During his forty-two years at the Teachers' Seminary, Cimze educated more than four hundred students who subsequently became teachers in Latvian and Estonian. Being a teacher in the 19th century also meant being an educator, a musician, a literary and public figure. In the second half of the 19th century, teachers organised choirs and worked with them and cultural societies.

== Musical legacy ==
Jānis Cimze promoted the development of Latvian choral singing and the cultivation of a cappella performance. His collection of songs for choirs, "Dziesmu rota" (A Garland of Songs), was published in eight parts between 1872–84. This first-ever professional collection of songs for choirs in Latvia formed the foundation for Latvian choir culture. Parts II (1872), III (1874), IV (1875) and VII (1884) of "Dziesmu rota", which go under the title of "Lauku puķes" (Wild Flowers), are the first collections of Latvian folk songs arrangements and represent several folk song genres: songs of seasons and family customs, work songs, farewell songs of recruits and conscripts, songs of orphans as well as songs for games and lullabies.

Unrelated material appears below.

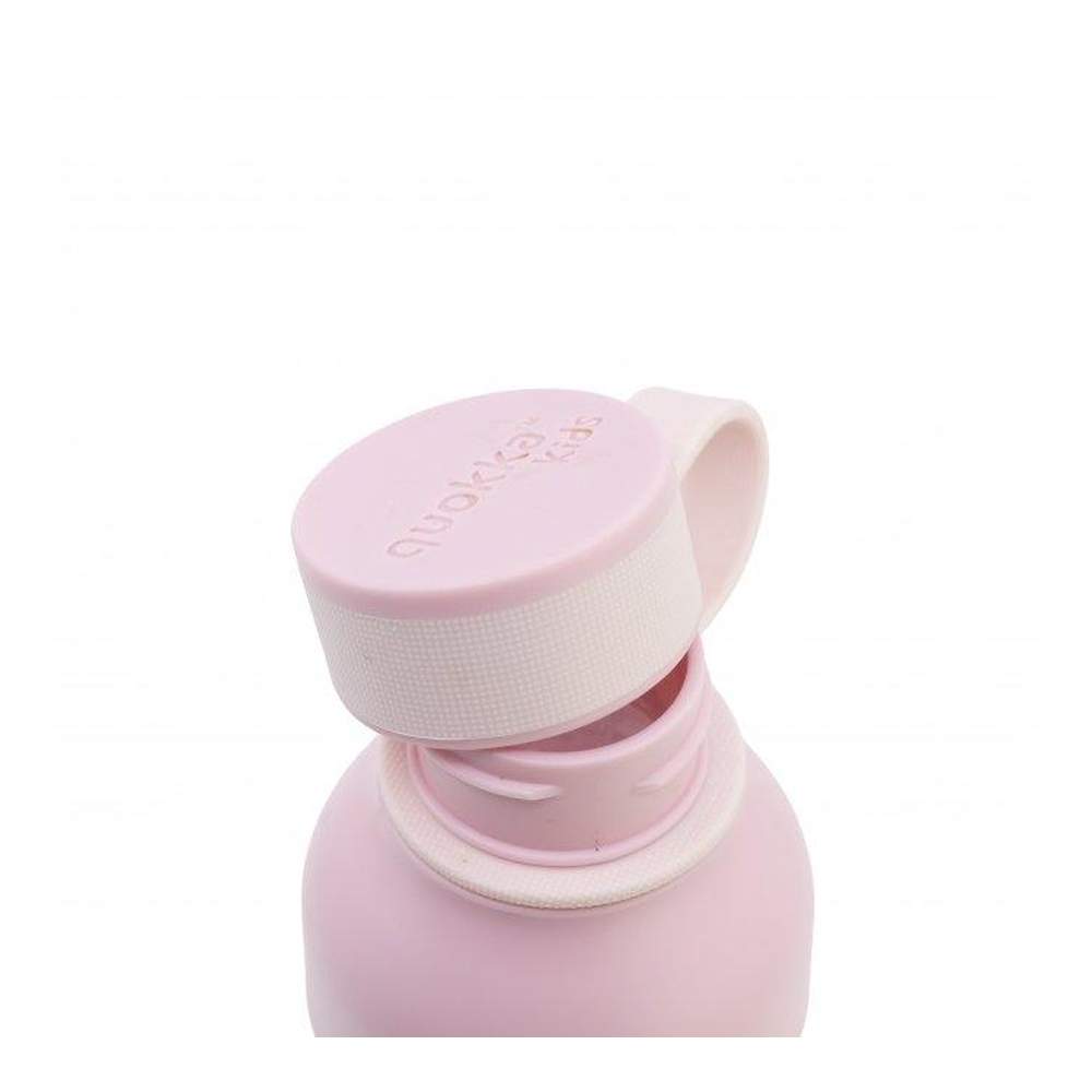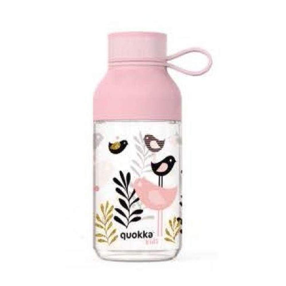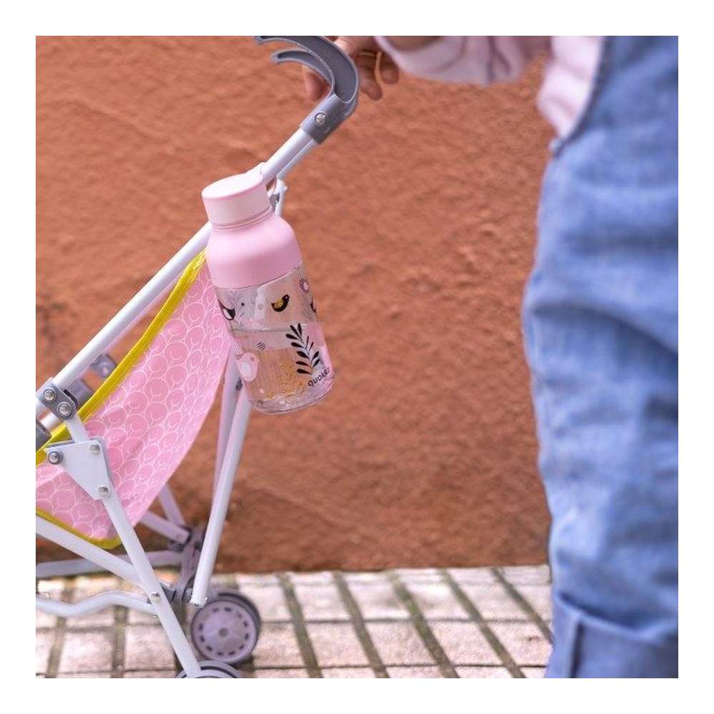 Botella para los más pequeños, con asa para un facil transporte, puedes colgarla de cualquier parte, y con una capacidad de 430 ml.Diseño de Quokka con motivos de pajaritos en color rosa.

Jānis Cimze was the first prominent Latvian figure in music, whose example inspired an extensive collection, publishing, arrangement, and research of folk music. It fostered the development of the choir-singing movement and the creation of new, original compositions.
Thanks to the activities of Cimze and his students, the first All-Estonian (1869) and All-Latvian (1873) Song Festivals were held. Cimze was among those who conceived the idea of the event, while his student and associate Indriķis Zīle was one of the chief conductors at the Song Festival. The programme of the Song Festival included several arrangements of folk songs by Cimze and his brother Dāvid. Cimze's German sentiments surfaced as he compared the three brothers making the dowry-chest for their sister in the song "Rīga dimd" (Riga resounds) to the German nobility, the Lutheran Church, and the German Riga. For this, he was severely criticised by Atis Kronvalds.

== Sources ==
- Apinis, Pēteris (2006). "A Hundred Great Latvians."